Paycheck to paycheck. The phrase usually refers to people who work — often very hard — but who just don’t ahead. With no savings, they live off each weekly or bi-weekly or monthly paycheck, and when that money is gone, there is nothing left. Until the next paycheck.
The paycheck to paycheck life is associated most often with the working poor , low-wage workers forced to work long hours but subsist on minimum wage, or barely above that level. But a grim new study from the Economic Panel at Washington’s Brooking Institute shows that it’s not only the poor — in fact, it’s not even mostly the poor — who live paycheck to paycheck, or “hand to mouth,” to use another expression that means the same thing.
The “Wealthy Poor”
The reality of American life for the past quarter-century is that simply maintaining what used to be the American Dream, a basic, middle-class existence, now costs so much that the country has a whole segment of “wealthy poor.” Or, more accurately, middle-class poor, who live paycheck to paycheck despite making good salaries and in many cases, owning assets such as a home and car.

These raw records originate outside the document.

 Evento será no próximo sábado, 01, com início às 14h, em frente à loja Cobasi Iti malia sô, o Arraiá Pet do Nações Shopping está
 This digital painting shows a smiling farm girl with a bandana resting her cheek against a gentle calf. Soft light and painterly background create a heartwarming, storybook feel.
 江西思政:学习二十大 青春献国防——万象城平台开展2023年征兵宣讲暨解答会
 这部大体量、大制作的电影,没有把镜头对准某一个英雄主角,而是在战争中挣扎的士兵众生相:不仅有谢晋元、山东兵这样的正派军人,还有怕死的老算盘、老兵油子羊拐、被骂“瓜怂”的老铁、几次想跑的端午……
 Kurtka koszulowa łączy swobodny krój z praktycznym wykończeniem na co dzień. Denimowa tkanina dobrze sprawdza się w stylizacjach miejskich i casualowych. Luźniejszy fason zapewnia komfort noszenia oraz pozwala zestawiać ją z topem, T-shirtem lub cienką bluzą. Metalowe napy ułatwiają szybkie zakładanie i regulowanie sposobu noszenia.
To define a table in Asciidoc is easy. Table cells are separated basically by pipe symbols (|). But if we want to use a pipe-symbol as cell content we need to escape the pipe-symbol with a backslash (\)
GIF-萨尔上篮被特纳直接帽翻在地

The 65-page study, put together by economists at Princeton University and New York University and entitled The Wealthy Hand-to-Mouth , found that of the 38 million American households living paycheck to paycheck, a depressing two thirds would not qualify as “poor.”

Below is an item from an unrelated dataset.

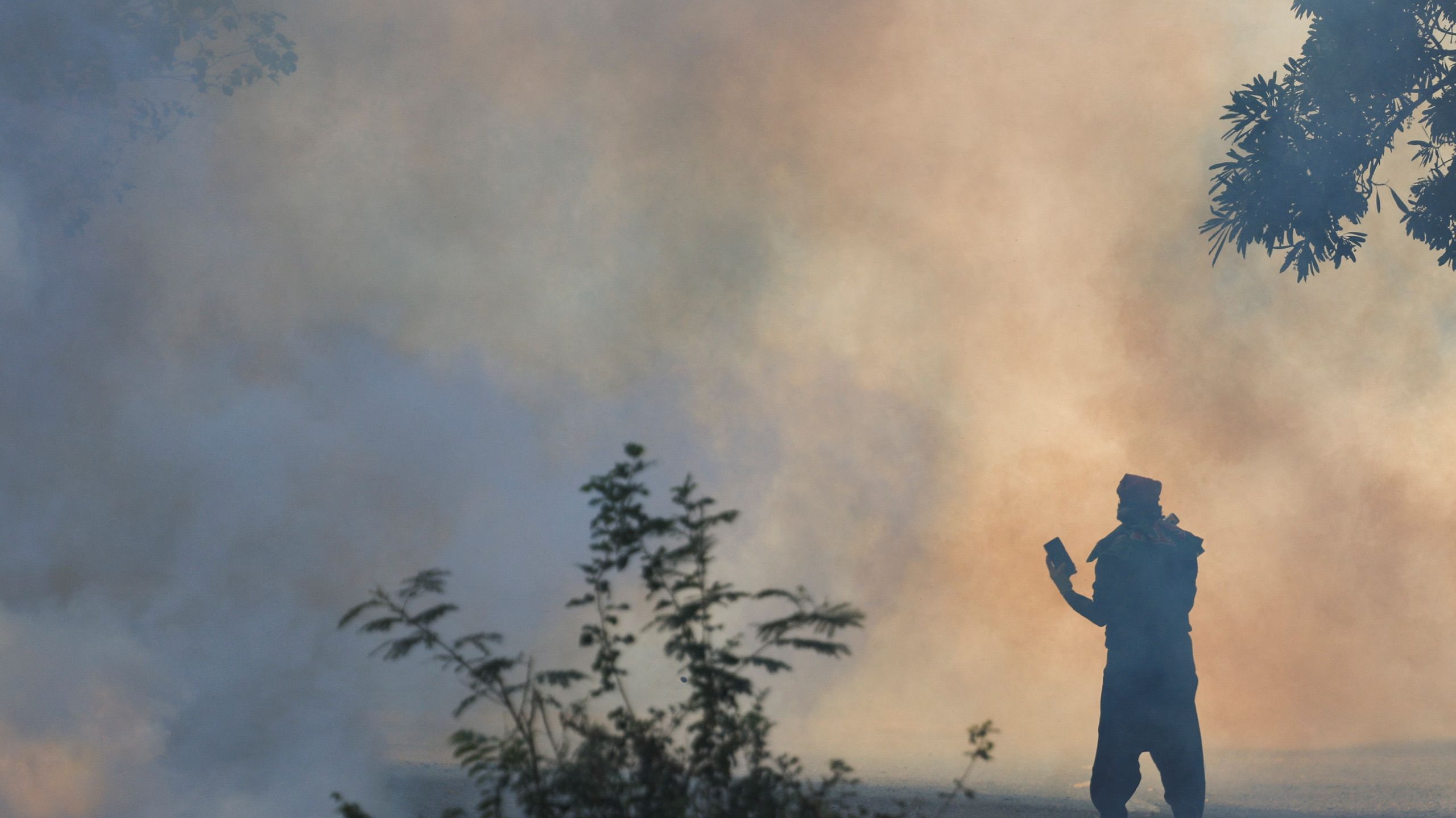 A supporter of the former Pakistani Prime Minister Imran Khan's party, Pakistan Tehreek-e-Insaf (PTI), holds a mobile phone amid tear gas smoke as he attends an anti-government protest demanding the release of Khan, in Islamabad on Nov. 26.
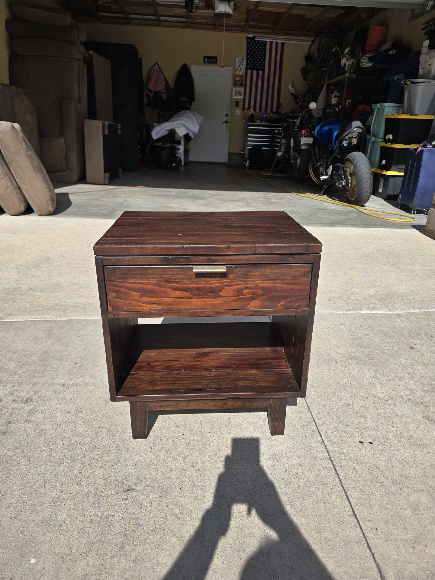 Solid wood rustic farmhouse nightstand in great condition. Dark stained wood with beautiful natural grain and distressed details. Features: • 1 storage drawer • Open bottom shelf for books or decor • Sturdy solid wood construction • Bronze hardware Originally around $400 new. Works great as a bedroom nightstand or living room end table. $140 OBO Pickup in Thornton.

These paycheck to paycheck households, for the most part, got that way by attempting to live a middle-class, suburban lifestyle — often for the benefit of their children . For example, middle class couples tend to settle in areas with good school districts, so that their children can receive the best possible education.
But houses in those districts inevitably cost more than elsewhere, and middle class couples find that just to pay the mortgage requires two incomes, and may not leave much left over to live on — and nothing left to save. So they live paycheck to paycheck.
More Middle Class Paycheck To Paycheck Families Than Poor
Of course, a paycheck to paycheck existence leaves families extremely vulnerable. If even one of the two incomes is lost to layoffs, or disability, or any other reason, the families face a crisis.
This Brooking Institute graph shows the proportion of paycheck to paycheck households that are poor, compared to those that are middle class.
Those middle class families, while living paycheck to paycheck, hold an average of $50,000 in assets. But their assets are not “liquid,” meaning they do not exist in the form of money that can be readily spent on living expenses. “Illiquid” assets include homes, cars and retirement accounts.
Policies To Help The Middle-Class Poor
What does this new information about paycheck to paycheck households mean? The study’s authors say that in times of economic need, government stimulus programs, which usually focus on the poor, need to expand to help the middle class as well.
Ultimately, such programs will be the only way that middle class families can escape the paycheck to paycheck trap.